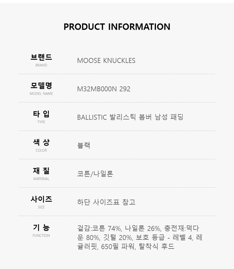 [명품] 무스너클 M32MB000N 292 BALLISTIC 발리스틱 봄버 남성 패딩
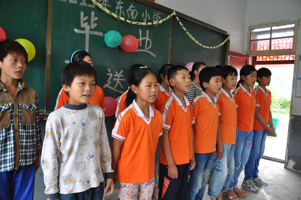 实践队员们首先来到的是位于双涧镇东南边的魏圩村东南小学,全校师生120余人,该校教师队伍老龄化严重,且缺乏音乐、美术、体育、英语等各科教师。队员们到达的那天,恰逢东南小学举行毕业典礼,为了配合学校工作,实践队员们经过一天的紧张培训和彩排,为全校师生送上了一场别开生面的的毕业欢送会。欢送会既有小朋友们的诗朗诵《再见,我的母校》,也有实践队员们的合唱《光荣啊!中国共青团》等。精彩的表演赢得了现场师生的热烈掌声。欢送会结束后,实践队员们还走访了魏圩村的部分留守儿童及贫困学生家庭,向他们赠送了学习和生活用品。
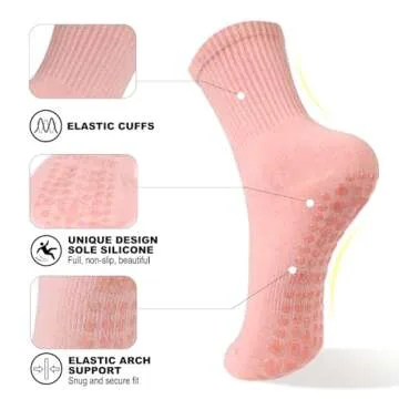 Show moreExperience the perfect combination of comfort and functionality with the Ivyhouse 6 Pairs Pilates Socks with Grips for Women. Designed specifically for diverse activities such as yoga, Pilates, and dance, these socks are crafted from a premium blend of 80% cotton, 10% polyester, and 10% spandex. This unique material composition not only ensures breathability and stretch but also keeps your feet feeling dry and ultra-comfy during every movement. Tailored to fit American women's shoe sizes 5-10, these machine-washable socks are your go-to footwear for both performance and style.

--------------------

EXERCISE DETAILS:
The material above is to be repeated word for word, with no images kept.

ANSWER TO THIS TASK:
 [명품] 무스너클 M32MB000N 292 BALLISTIC 발리스틱 봄버 남성 패딩
 实践队员们首先来到的是位于双涧镇东南边的魏圩村东南小学,全校师生120余人,该校教师队伍老龄化严重,且缺乏音乐、美术、体育、英语等各科教师。队员们到达的那天,恰逢东南小学举行毕业典礼,为了配合学校工作,实践队员们经过一天的紧张培训和彩排,为全校师生送上了一场别开生面的的毕业欢送会。欢送会既有小朋友们的诗朗诵《再见,我的母校》,也有实践队员们的合唱《光荣啊!中国共青团》等。精彩的表演赢得了现场师生的热烈掌声。欢送会结束后,实践队员们还走访了魏圩村的部分留守儿童及贫困学生家庭,向他们赠送了学习和生活用品。
 Show moreExperience the perfect combination of comfort and functionality with the Ivyhouse 6 Pairs Pilates Socks with Grips for Women. Designed specifically for diverse activities such as yoga, Pilates, and dance, these socks are crafted from a premium blend of 80% cotton, 10% polyester, and 10% spandex. This unique material composition not only ensures breathability and stretch but also keeps your feet feeling dry and ultra-comfy during every movement. Tailored to fit American women's shoe sizes 5-10, these machine-washable socks are your go-to footwear for both performance and style.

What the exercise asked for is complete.